◆ **Data provided**:
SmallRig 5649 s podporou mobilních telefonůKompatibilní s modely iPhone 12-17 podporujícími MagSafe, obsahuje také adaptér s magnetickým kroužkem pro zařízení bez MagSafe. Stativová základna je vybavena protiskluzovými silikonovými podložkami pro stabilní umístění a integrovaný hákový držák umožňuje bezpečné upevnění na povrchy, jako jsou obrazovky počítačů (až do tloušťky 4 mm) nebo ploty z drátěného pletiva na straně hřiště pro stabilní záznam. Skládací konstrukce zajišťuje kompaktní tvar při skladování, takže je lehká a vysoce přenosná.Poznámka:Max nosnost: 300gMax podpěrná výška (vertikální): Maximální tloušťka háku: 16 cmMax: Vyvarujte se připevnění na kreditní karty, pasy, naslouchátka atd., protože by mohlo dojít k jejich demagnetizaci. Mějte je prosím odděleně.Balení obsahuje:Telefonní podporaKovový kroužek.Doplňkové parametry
--
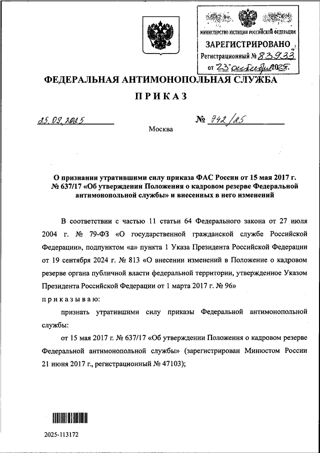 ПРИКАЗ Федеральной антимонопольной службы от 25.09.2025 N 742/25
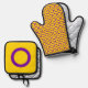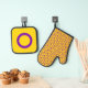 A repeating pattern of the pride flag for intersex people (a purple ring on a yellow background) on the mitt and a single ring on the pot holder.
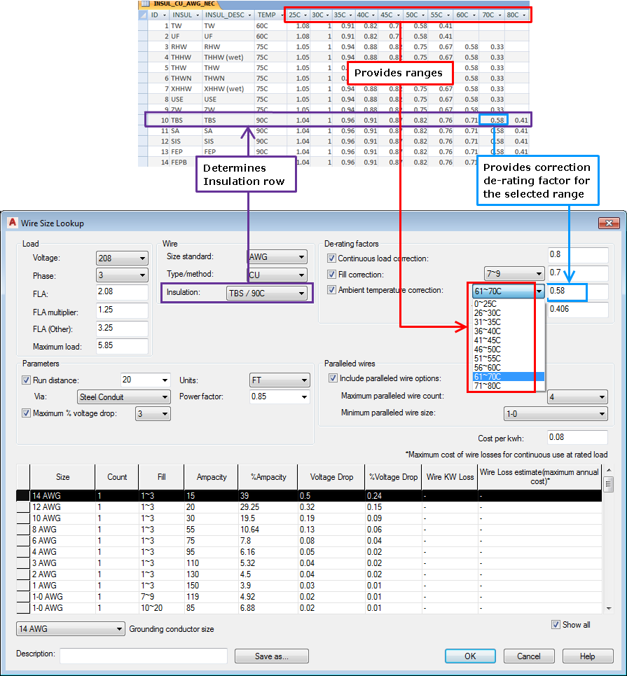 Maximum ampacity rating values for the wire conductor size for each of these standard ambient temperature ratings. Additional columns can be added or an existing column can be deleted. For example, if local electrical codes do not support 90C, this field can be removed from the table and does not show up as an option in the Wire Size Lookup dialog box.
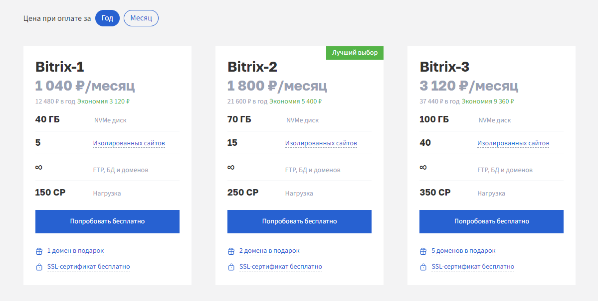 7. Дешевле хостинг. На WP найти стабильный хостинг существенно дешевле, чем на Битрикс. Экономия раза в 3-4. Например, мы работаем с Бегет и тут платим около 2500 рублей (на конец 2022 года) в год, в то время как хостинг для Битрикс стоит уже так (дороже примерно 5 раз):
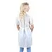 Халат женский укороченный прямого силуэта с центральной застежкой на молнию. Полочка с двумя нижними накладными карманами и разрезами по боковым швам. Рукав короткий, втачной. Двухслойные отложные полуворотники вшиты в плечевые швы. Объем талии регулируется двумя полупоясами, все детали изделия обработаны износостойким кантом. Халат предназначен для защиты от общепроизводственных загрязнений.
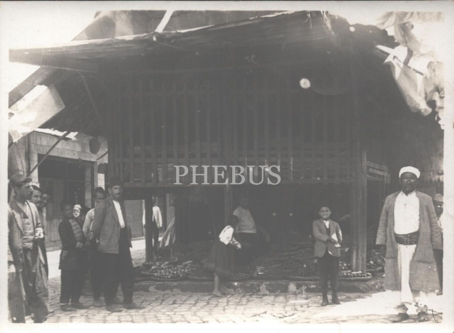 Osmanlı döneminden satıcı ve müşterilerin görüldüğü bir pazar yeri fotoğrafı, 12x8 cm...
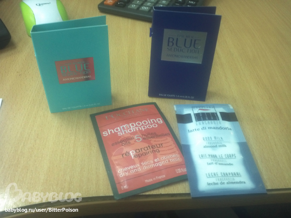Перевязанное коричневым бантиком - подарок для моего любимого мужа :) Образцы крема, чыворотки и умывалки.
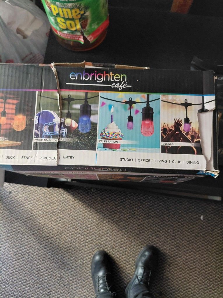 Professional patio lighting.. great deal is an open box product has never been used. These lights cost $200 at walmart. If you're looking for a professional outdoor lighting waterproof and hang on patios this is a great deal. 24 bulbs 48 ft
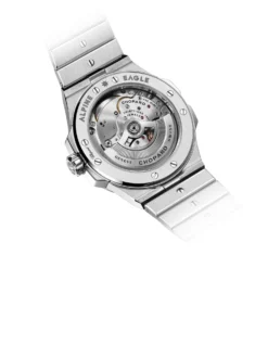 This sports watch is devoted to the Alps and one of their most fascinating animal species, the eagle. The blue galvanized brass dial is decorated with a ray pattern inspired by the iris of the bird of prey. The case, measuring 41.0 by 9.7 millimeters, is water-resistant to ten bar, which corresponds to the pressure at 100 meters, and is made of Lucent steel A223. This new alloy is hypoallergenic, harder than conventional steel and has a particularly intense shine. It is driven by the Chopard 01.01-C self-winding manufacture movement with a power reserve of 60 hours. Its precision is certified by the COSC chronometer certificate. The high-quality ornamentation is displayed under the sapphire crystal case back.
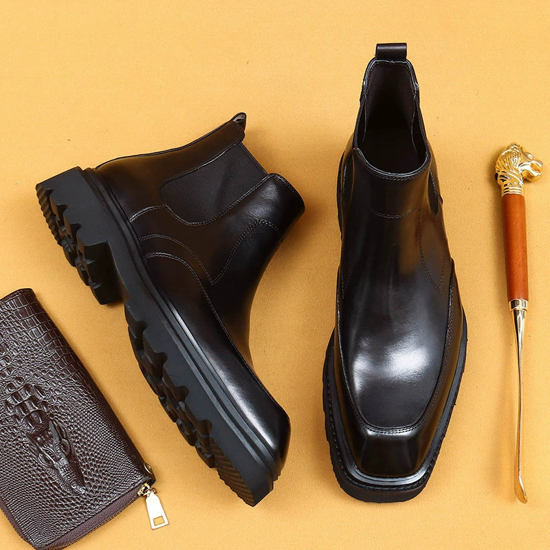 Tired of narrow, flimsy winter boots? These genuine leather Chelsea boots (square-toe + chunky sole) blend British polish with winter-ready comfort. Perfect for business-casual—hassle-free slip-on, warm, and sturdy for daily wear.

◆ **What to work on**:
Repeat the lines above exactly, beginning with the one containing "7. Дешевле хостинг." and finishing with the one containing "Перевязанное коричневым бантиком". No pictures belong in the copy.

◆ **Exercise response**:
 7. Дешевле хостинг. На WP найти стабильный хостинг существенно дешевле, чем на Битрикс. Экономия раза в 3-4. Например, мы работаем с Бегет и тут платим около 2500 рублей (на конец 2022 года) в год, в то время как хостинг для Битрикс стоит уже так (дороже примерно 5 раз):
 Халат женский укороченный прямого силуэта с центральной застежкой на молнию. Полочка с двумя нижними накладными карманами и разрезами по боковым швам. Рукав короткий, втачной. Двухслойные отложные полуворотники вшиты в плечевые швы. Объем талии регулируется двумя полупоясами, все детали изделия обработаны износостойким кантом. Халат предназначен для защиты от общепроизводственных загрязнений.
 Osmanlı döneminden satıcı ve müşterilerin görüldüğü bir pazar yeri fotoğrafı, 12x8 cm...
Перевязанное коричневым бантиком - подарок для моего любимого мужа :) Образцы крема, чыворотки и умывалки.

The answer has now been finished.